Modern NVIDIA Driver for IBM POWER8 via OCuLink
World's First NVIDIA Open-Source Kernel Driver for POWER8/PPC64LE!
These patches enable compilation of the NVIDIA open-source GPU kernel modules on IBM POWER8 systems (PPC64LE architecture), allowing modern NVIDIA GPUs including the latest RTX 5070 (Blackwell) to work via OCuLink or standard PCIe.
Successfully compiled and tested January 10, 2025.

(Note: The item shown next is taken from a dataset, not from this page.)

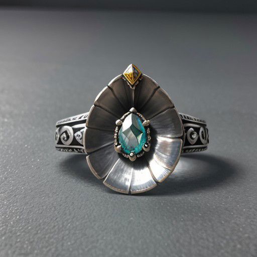 Game prop design, ring, metal texture, still life, simple background, no humans, gray background, Precious metal, sea shell picture, set Gems<lora:Game rings:1>,
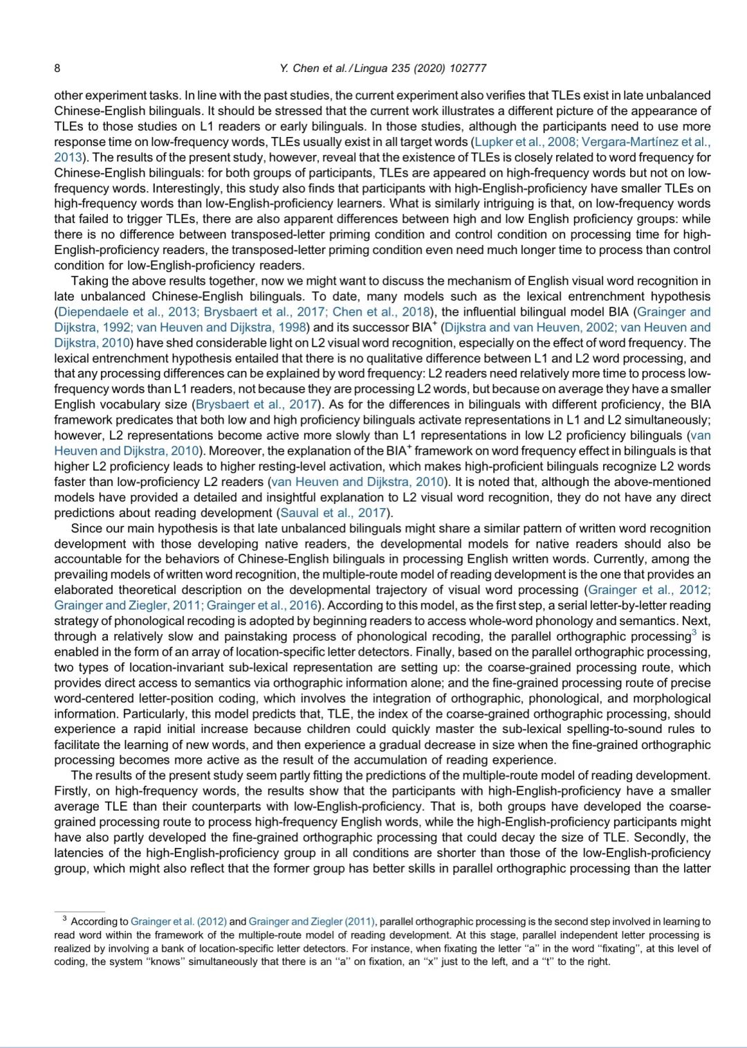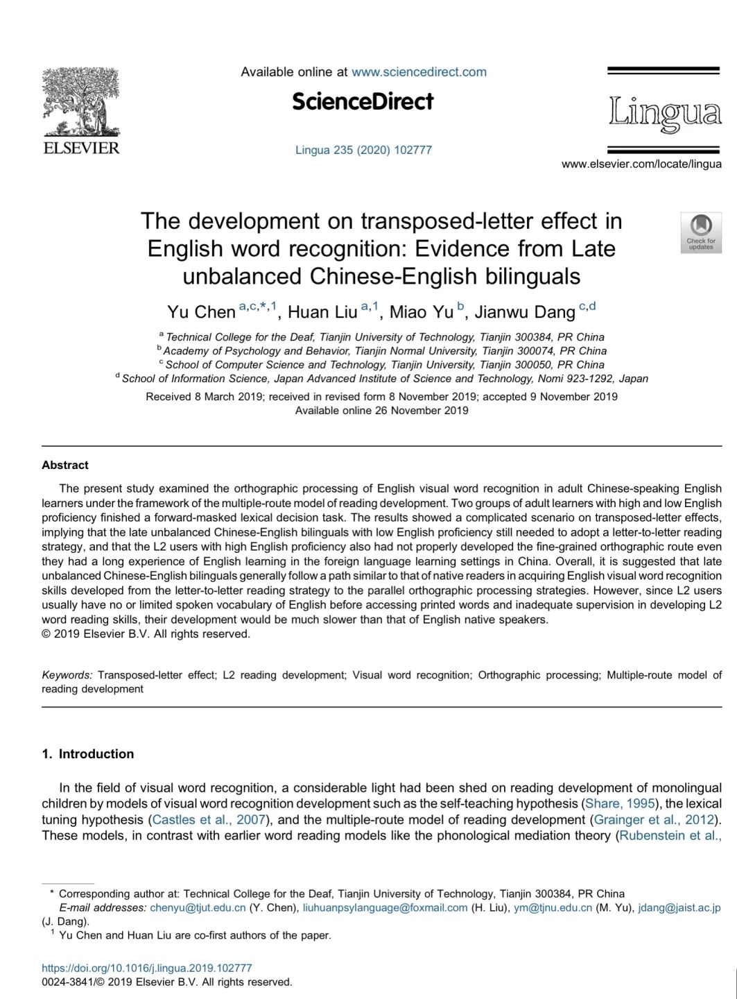 陳彧 劉歡 于秒 黨建武|英語單詞感知的字母換位效應(yīng)發(fā)展——來自漢英非平衡雙語者的證據(jù)

Supported GPU Architectures
| Architecture | GPUs | Device IDs | Status |
|---|---|---|---|
| Blackwell (B100) | RTX 5070, RTX 5080, RTX 5090 | TBD | ✅ Working (inference confirmed) |
| Ada Lovelace | RTX 4090, RTX 4080, RTX 4070 | 0x2684, 0x2702+ | Supported |
| Ampere | RTX 3090, RTX 3080, RTX 3070, RTX 3060 | 0x2204+, 0x2487+ | ✅ Tested |
| Turing | RTX 2080 Ti, RTX 2080, RTX 2070, RTX 2060 | 0x1E04+, 0x1F08+ | ✅ Tested |
| Volta | Tesla V100 (16GB, 32GB), Titan V | 0x1DB1-0x1DB8 | ✅ Tested |
| Pascal | Tesla P100, P40, P4, GTX 1080 Ti | 0x15F7+ | Supported |
| Maxwell | Tesla M40, M60, GTX Titan X | 0x17C2+ | Supported |
| Kepler | Tesla K80, K40, K20 | 0x102D+ | Supported |
Note: GeForce cards (RTX, GTX) work for compute. Tesla cards provide professional features and ECC memory.
OCuLink Connection Method
OCuLink (Optical Copper Link) enables external GPU connectivity to POWER8 systems by repurposing the NVMe protocol for PCIe passthrough. This allows adding modern GPUs to servers that don't have traditional PCIe expansion slots available.
Hardware Components
1. Supermicro AOC-SLG3-2E4T (Host Card)
- Type: Dual-port NVMe switch card
- Interface: PCIe 3.0 x8 to host
- Ports: 2x SFF-8611 OCuLink connectors
- Chipset: PLX/Broadcom PCIe switch
- Note: Sold as NVMe add-in card but passes through PCIe for any device
┌─────────────────────────────────────┐
│ Supermicro AOC-SLG3-2E4T │
│ ┌───────────┐ ┌───────────┐ │
│ │ SFF-8611 │ │ SFF-8611 │ │
│ │ OCuLink │ │ OCuLink │ │
│ └───────────┘ └───────────┘ │
│ PCIe 3.0 x8 Edge │
└─────────────────────────────────────┘
2. Minisforum DEG1 External GPU Dock
- Compatibility: Any PCIe x16 GPU (single slot)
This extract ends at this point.